1 research outputs found
Learning to Infer the Depth Map of a Hand from its Color Image
We propose the first approach to the problem of inferring the depth map of a
human hand based on a single RGB image. We achieve this with a Convolutional
Neural Network (CNN) that employs a stacked hourglass model as its main
building block. Intermediate supervision is used in several outputs of the
proposed architecture in a staged approach. To aid the process of training and
inference, hand segmentation masks are also estimated in such an intermediate
supervision step, and used to guide the subsequent depth estimation process. In
order to train and evaluate the proposed method we compile and make publicly
available HandRGBD, a new dataset of 20,601 views of hands, each consisting of
an RGB image and an aligned depth map.
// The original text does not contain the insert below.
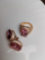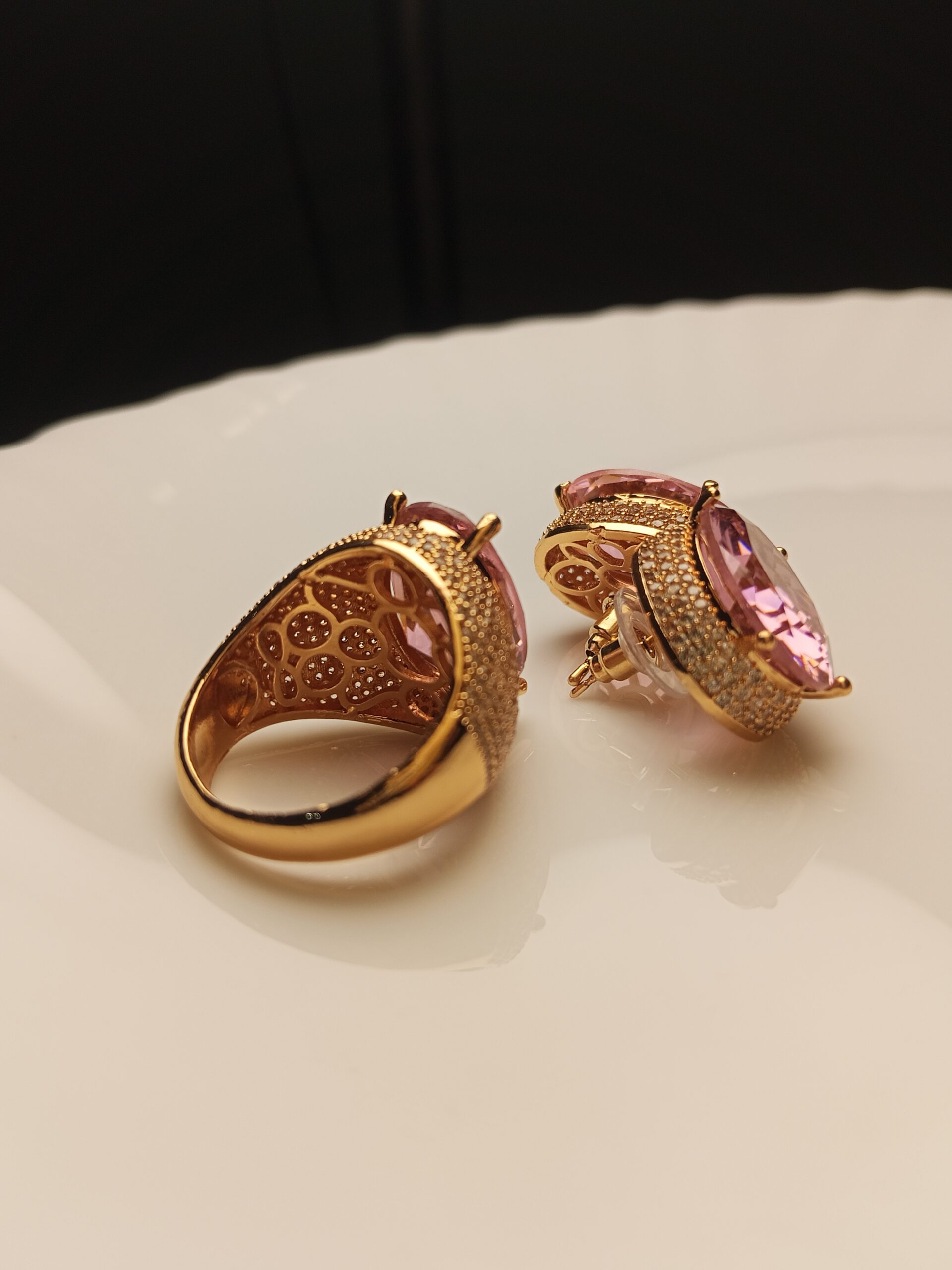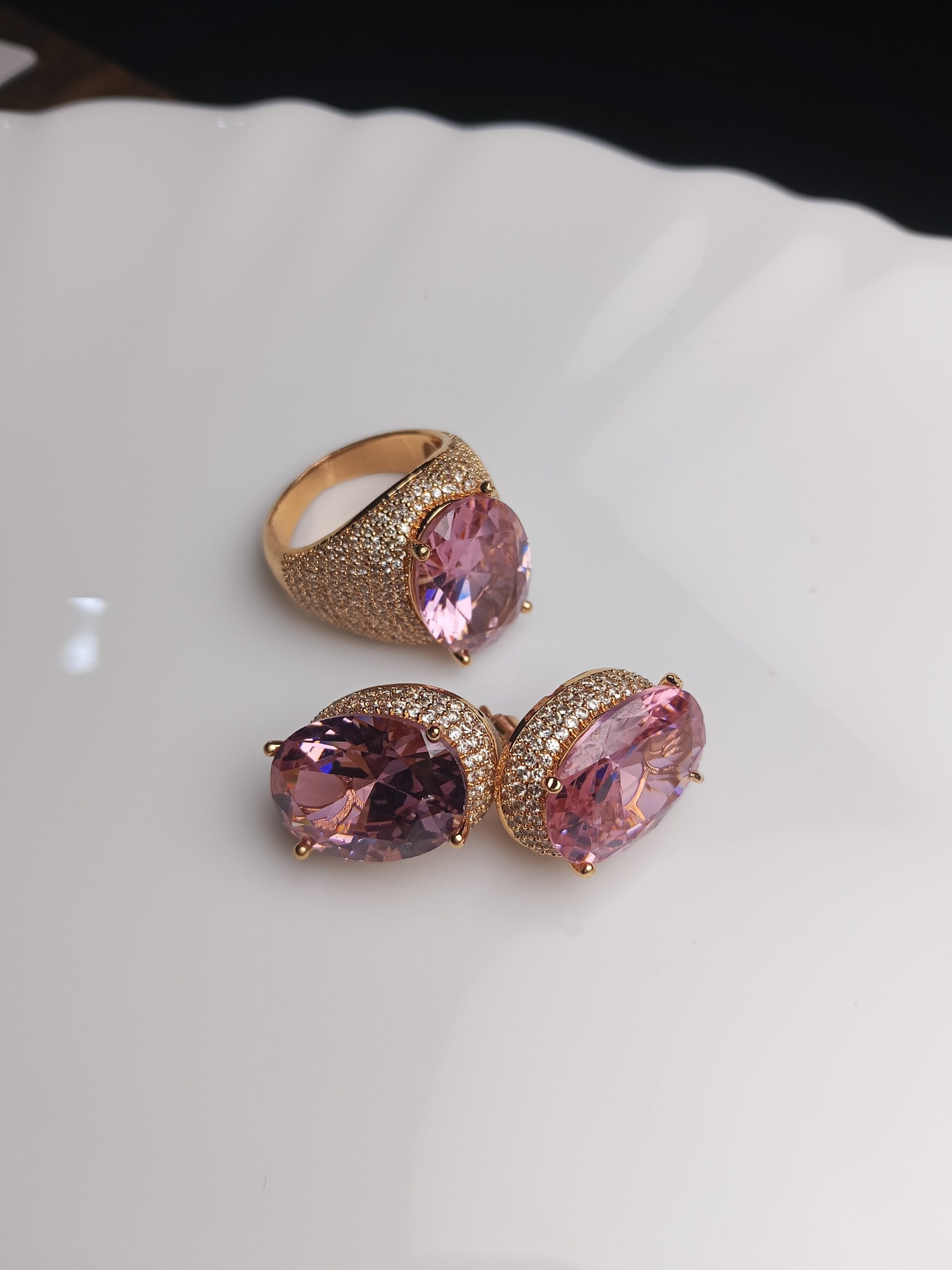 Oval Pink Zircon Rose Gold Plated Jewelry Set | Statement Ring & Stud Earrings
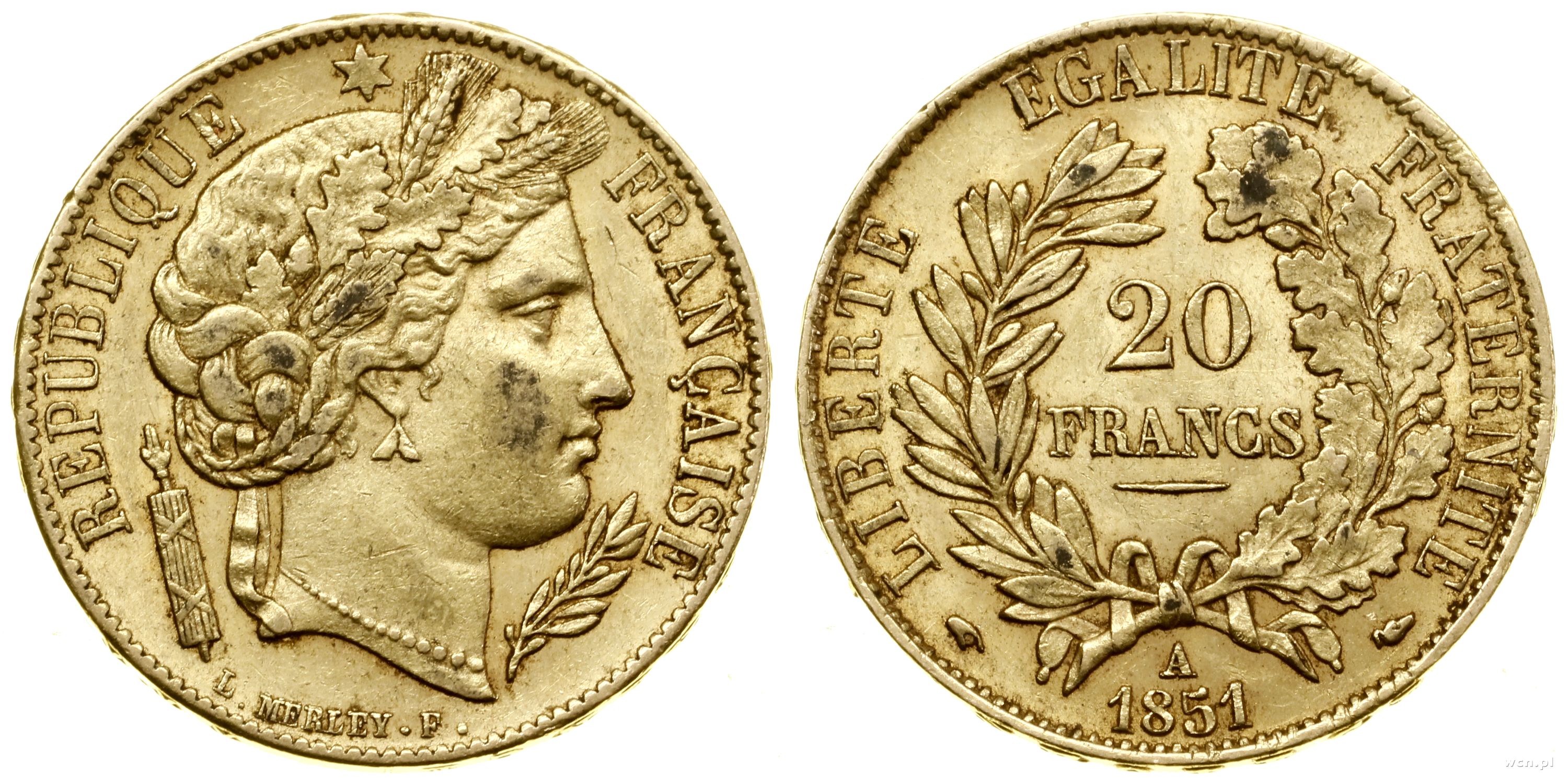 Francja, 20 franków, 1851 A

Based on HandRGBD, we explore variants
of the proposed approach in an ablative study and determine the best performing
one. The results of an extensive experimental evaluation demonstrate that hand
depth estimation from a single RGB frame can be achieved with an accuracy of
22mm, which is comparable to the accuracy achieved by contemporary low-cost
depth cameras. Such a 3D reconstruction of hands based on RGB information is
valuable as a final result on its own right, but also as an input to several
other hand analysis and perception algorithms that require depth input.
Essentially, in such a context, the proposed approach bridges the gap between
RGB and RGBD, by making all existing RGBD-based methods applicable to RGB
input